L’écriture serait alors la conquête de ce geste même de ce qui se fait absent ou nous absente du monde. Témoignage d’un temps face auquel décidément nous ne pouvons pas grand chose, fil des années et poids de la mémoire, œuvre de l’impuissance. Car dire vivre c’est acter le présent impossible.

« J’ai des souvenirs

et ils ne s’y plaisent pas »

Et la ritournelle emporte sans nous – abdiquer au joug du passage : « février va passer et je n’aurai rien fait », écrivait-il un jour, car les nuits accompagnent les suivantes, et les jours, et le reste : « chaque soir // en appelle un autre », puisque

« Nous, nous sommes pris

dans l’élan des jours

l’étau des tâches

inquiets

affairés »

C’est bien dans le quotidien, twenty-two bar ou wagons de porcelaine, petite table mise ou café renversé, que s’accumulent les traces de ce qui se dissipera – quelque chose noir, ode à vide.

« Assis à la table

je te regarde de profil

et je pense qu’il va falloir

quitter ce moment

comme tant d’autres

sans y être jamais

préparé »

Rencontrer le présent

S’il faut lire encore ce désœuvrement, ce profond sentiment de vanité qui agite l’écriture et le regard mélancolique du poète, là où le présent est toujours un seuil sans doute inconscient, « [j]uste une pensée qui affleure », c’est bien que guette l’angoisse de l’impuissance et de la disparition :

« Le plus décourageant

c’est qu’une fois poussière moi-même

je ne serai plus là

pour balayer »

S’accrocher à l’impossible présent, au monde réel, tenter d’en saisir esquisses et esquives par l’écriture.

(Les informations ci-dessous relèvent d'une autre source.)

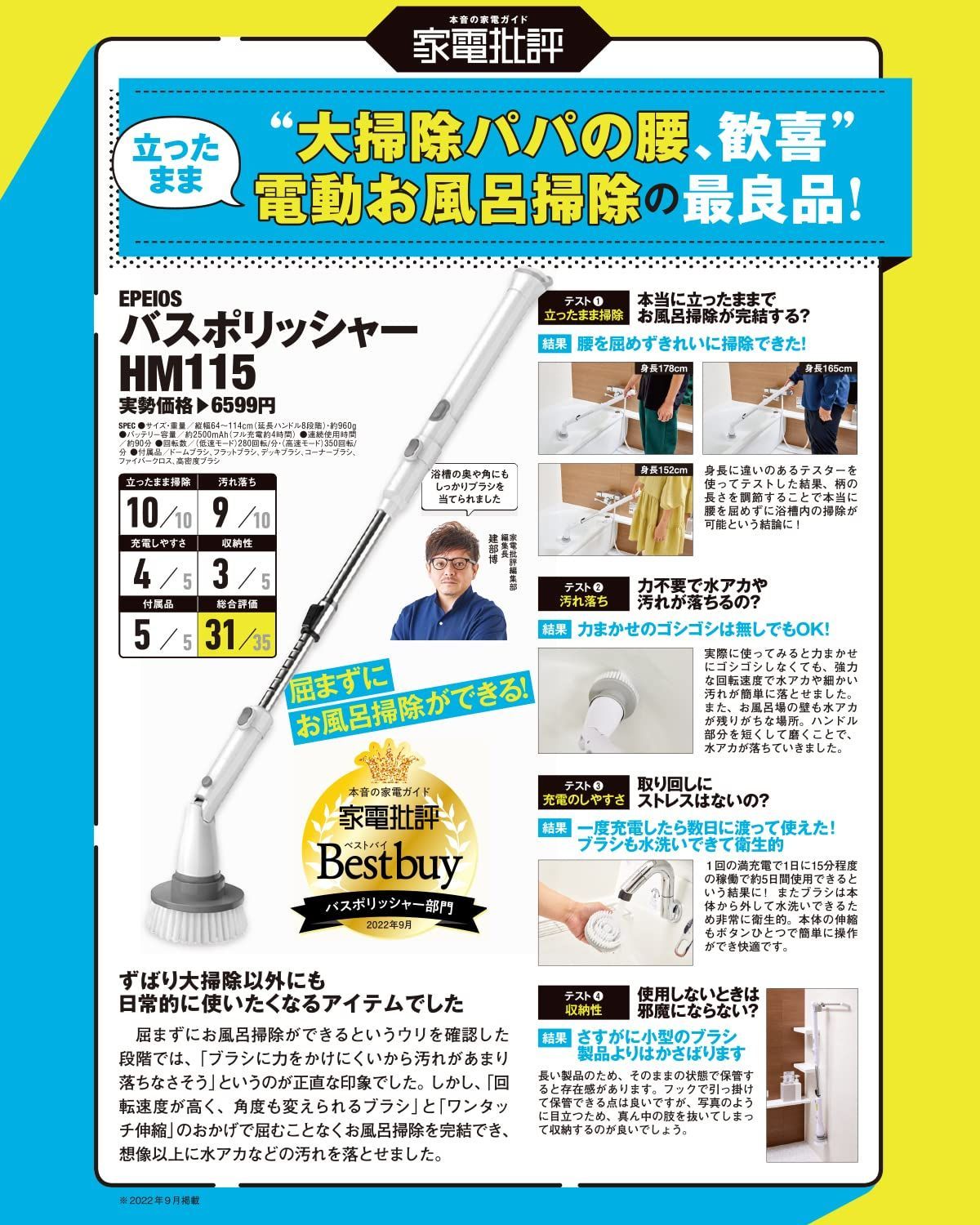 【「家電批評」バスポリッシャー部門 ベストバイ】 エペイオス(Epeios) バスポリッシャー コードレス型 電動お掃除ブラシ ターボプロ 充電式 角度調節 長さ伸縮可能 デッキブラシ お風呂掃除 ブラシ 防水 スティック&ハンディク 大容量電池 手持ち式 4つ取り替えブラシ付き 操作便利 トイレ掃除/床/窓/おふろ/車/ベランダ/玄関の掃除/年末掃除 母の日 ギフト HM115

Pourtant, l’écriture elle-même, le faire-oeuvre, le chant – un terme qui ici prendra un sens d’autant plus fort – reste l’interminable paradoxe des possibles : s’accrocher à l’impossible présent, au monde réel, tenter d’en saisir esquisses et esquives par l’écriture, car elle seule nous ancre là où il s’agirait de pouvoir habiter le monde, le nôtre propre. Aussi,

« Au moment où j’écris

je renonce moi-même

à comprendre »

L’inanité du présent même contrée par la voracité de l’oeil, du mot, de la voix

« tant j’étais formé

au rejet de la ligne

le regard rassasié par

rien »

Car encore,

« Dehors

la nuit se désengage

mais la rue

dans le virage de la maison

reste à l’affût »

Si le poète se fait témoin – on se rappellera combien le poète est le contemporain, celui qui reste sensible à l’obscurité pour Agamben – c’est qu’il demeure guet, poète-lime, sensible à la rencontre de tout ce qui s’ignore encore, quand

« tout se ligue à nouveau

contre un événement »

Et dans l’événement, c’est le présent désormais confondu, acmé et mort à la fois, sursaut qui relance le geste de vivre jusqu’au suivant, car enfin, pour un instant au moins il n’y a plus

« rien qui barre l’horizon

rien qui coupe court et sème la mort

sur le blanc infini des mots »

Où demeurer encore longtemps attentifs aux lueurs qui éveillent, aux coins de rue qui crépitent, alertes au monde, quand bien même peu à peu tout nous happe.